Capture the essence of autumn with this vibrant, easy-to-make apple and blackberry jam. This classic preserve balances tart berries with sweet, softened apples for the perfect spread on warm toast or scones.
Place two small saucers in the freezer; these will be used later to test if the jam has reached its setting point.
In a heavy-bottomed preserving pan, combine the chopped Bramley apples, lemon juice, and 250ml of water. Bring the mixture to a boil, then reduce the heat and simmer for 5–8 minutes until the apples have softened.
Add the blackberries and granulated sugar to the pan. Stir over low heat until the sugar has completely dissolved and no crystals remain.
Increase the heat to medium and simmer the mixture for 30–35 minutes, stirring occasionally to prevent sticking, until the jam reaches the setting stage.
To test the set, remove a saucer from the freezer and place a small spoonful of jam onto it. Let it sit for a moment, then push it with your finger. If the surface wrinkles, the jam is ready. If not, simmer for another 5 minutes and test again.

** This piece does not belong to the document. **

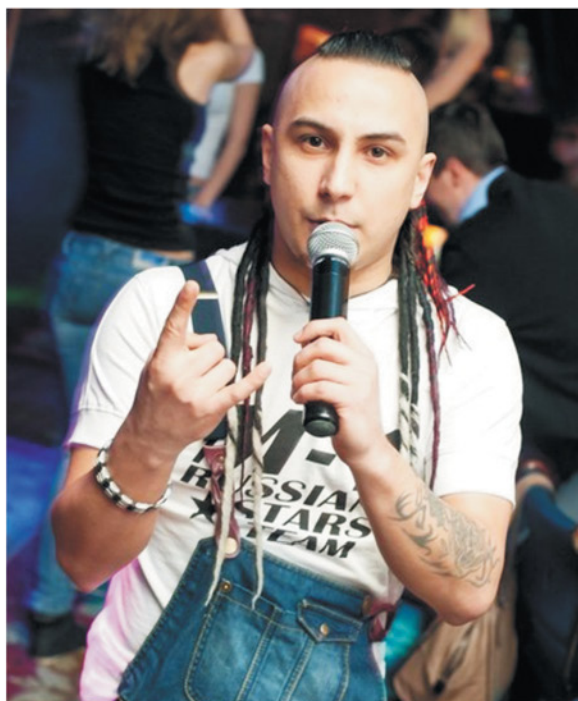
MC MAGNUM (SPB) ТАЛАНТЛИВЫЙ ПЕВЕЦ И MC

Using a funnel, carefully ladle the hot jam into warm, sterilized jars. Seal the lids tightly once the jam has cooled. Store in the fridge for up to six months.
For the best results, use a heavy-bottomed pan to ensure even heat distribution and prevent the sugar from burning. If you prefer a smoother jam, you can lightly mash the blackberries before adding them to the pan. Always ensure your jars are thoroughly sterilized to maximize shelf life.